Tip: bekijk de volgende websites voor voorbeeld arbeidsovereenkomsten:
- http://www.arbeidsovereenkomst.nl/voorbeeld-arbeidsovereenkomst
- http://www.dentalinfo.nl/artikelen/t0/n238/voorbeeld-arbeidsovereenkomst.html
Opdracht 5b
Bekijk jouw gemaakte arbeidsovereenkomst nu eens door de ogen van een directeur. Ben je als directeur wel blij met deze overeenkomst? Leg uit waarom wel of waarom niet. Geef ook aan wat je zou veranderen aan de arbeidsovereenkomst als je directeur zou zijn. Lever dit samen met de arbeidsovereenkomst in bij jouw docent.
6 Toets de ander
Opdracht 6a
Maak voor je klasgenoten een toets. Maak bijvoorbeeld een multiple-choice toets, of een toets met open vragen. Je kunt ook een aantal vragen maken, waarbij de antwoorden een kruiswoordpuzzel vormen. Maak ook een antwoordvel, zodat de vragen gemakkelijk na te kijken zijn. Geef ook aan hoeveel punten er met een vraag te verdienen zijn.
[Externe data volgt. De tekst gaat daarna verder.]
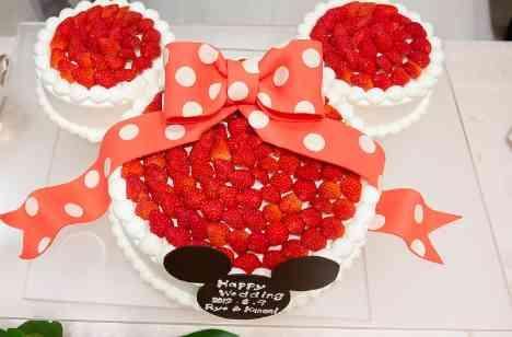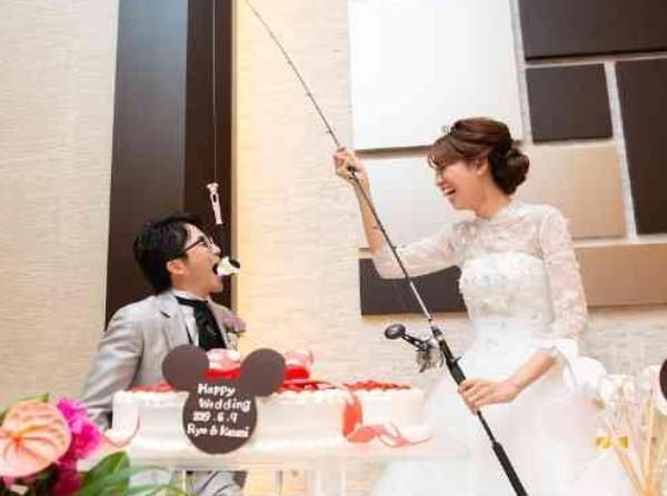お2人のケーキは新婦様が大好きなディズニーのミッキーの形でご用意しました。 新郎様へのファーストイートには新郎様の好きな釣りにちなんで釣り竿で行っていただきました! また後半のデザートブッフェもたくさんのミッキーで溢れていました。

Zorg ervoor dat de volgende begrippen terugkomen:
- Arbowet
- Collectieve arbeidsovereenkomst
- Individuele arbeidsovereenkomst
- Medezeggenschap
- Sociale wetgeving
- Sociale partners
- Vakbonden
- Verzorgingsstaat
- Werkgeversbescherming
- Werknemersbescherming
Lever de toets en het antwoordvel in bij jouw docent.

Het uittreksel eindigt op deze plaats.